Please print each entry below exactly as it reads.
Segment Start: AVAILABLE RECORDS
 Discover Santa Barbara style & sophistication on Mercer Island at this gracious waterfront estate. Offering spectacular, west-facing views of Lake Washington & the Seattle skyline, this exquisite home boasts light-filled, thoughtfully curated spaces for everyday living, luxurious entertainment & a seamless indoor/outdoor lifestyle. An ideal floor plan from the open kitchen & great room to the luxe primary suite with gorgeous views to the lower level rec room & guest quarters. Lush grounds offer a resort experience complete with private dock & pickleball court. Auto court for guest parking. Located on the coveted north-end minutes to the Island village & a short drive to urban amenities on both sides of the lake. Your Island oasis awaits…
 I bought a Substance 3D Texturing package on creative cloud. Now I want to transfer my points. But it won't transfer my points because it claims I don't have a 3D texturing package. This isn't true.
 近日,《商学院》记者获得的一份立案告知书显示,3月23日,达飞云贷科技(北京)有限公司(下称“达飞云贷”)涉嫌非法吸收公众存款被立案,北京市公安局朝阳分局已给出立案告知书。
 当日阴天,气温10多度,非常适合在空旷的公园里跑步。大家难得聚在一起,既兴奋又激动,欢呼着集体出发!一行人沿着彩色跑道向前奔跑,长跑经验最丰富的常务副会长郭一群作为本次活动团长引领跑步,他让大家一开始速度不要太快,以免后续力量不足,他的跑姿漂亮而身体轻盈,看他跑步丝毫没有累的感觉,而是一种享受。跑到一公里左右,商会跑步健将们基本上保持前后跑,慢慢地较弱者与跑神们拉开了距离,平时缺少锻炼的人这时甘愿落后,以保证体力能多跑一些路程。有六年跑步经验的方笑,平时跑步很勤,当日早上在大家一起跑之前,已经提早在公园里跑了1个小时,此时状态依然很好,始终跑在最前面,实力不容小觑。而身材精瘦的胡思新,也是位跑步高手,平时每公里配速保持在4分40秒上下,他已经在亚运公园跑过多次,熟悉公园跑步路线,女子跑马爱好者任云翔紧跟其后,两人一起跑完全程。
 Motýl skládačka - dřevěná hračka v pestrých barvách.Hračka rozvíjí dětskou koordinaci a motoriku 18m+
Segment End: AVAILABLE RECORDS
EXERCISE RESPONSE:
 Discover Santa Barbara style & sophistication on Mercer Island at this gracious waterfront estate. Offering spectacular, west-facing views of Lake Washington & the Seattle skyline, this exquisite home boasts light-filled, thoughtfully curated spaces for everyday living, luxurious entertainment & a seamless indoor/outdoor lifestyle. An ideal floor plan from the open kitchen & great room to the luxe primary suite with gorgeous views to the lower level rec room & guest quarters. Lush grounds offer a resort experience complete with private dock & pickleball court. Auto court for guest parking. Located on the coveted north-end minutes to the Island village & a short drive to urban amenities on both sides of the lake. Your Island oasis awaits…
 I bought a Substance 3D Texturing package on creative cloud. Now I want to transfer my points. But it won't transfer my points because it claims I don't have a 3D texturing package. This isn't true.
 近日,《商学院》记者获得的一份立案告知书显示,3月23日,达飞云贷科技(北京)有限公司(下称“达飞云贷”)涉嫌非法吸收公众存款被立案,北京市公安局朝阳分局已给出立案告知书。
 当日阴天,气温10多度,非常适合在空旷的公园里跑步。大家难得聚在一起,既兴奋又激动,欢呼着集体出发!一行人沿着彩色跑道向前奔跑,长跑经验最丰富的常务副会长郭一群作为本次活动团长引领跑步,他让大家一开始速度不要太快,以免后续力量不足,他的跑姿漂亮而身体轻盈,看他跑步丝毫没有累的感觉,而是一种享受。跑到一公里左右,商会跑步健将们基本上保持前后跑,慢慢地较弱者与跑神们拉开了距离,平时缺少锻炼的人这时甘愿落后,以保证体力能多跑一些路程。有六年跑步经验的方笑,平时跑步很勤,当日早上在大家一起跑之前,已经提早在公园里跑了1个小时,此时状态依然很好,始终跑在最前面,实力不容小觑。而身材精瘦的胡思新,也是位跑步高手,平时每公里配速保持在4分40秒上下,他已经在亚运公园跑过多次,熟悉公园跑步路线,女子跑马爱好者任云翔紧跟其后,两人一起跑完全程。
 Motýl skládačka - dřevěná hračka v pestrých barvách.Hračka rozvíjí dětskou koordinaci a motoriku 18m+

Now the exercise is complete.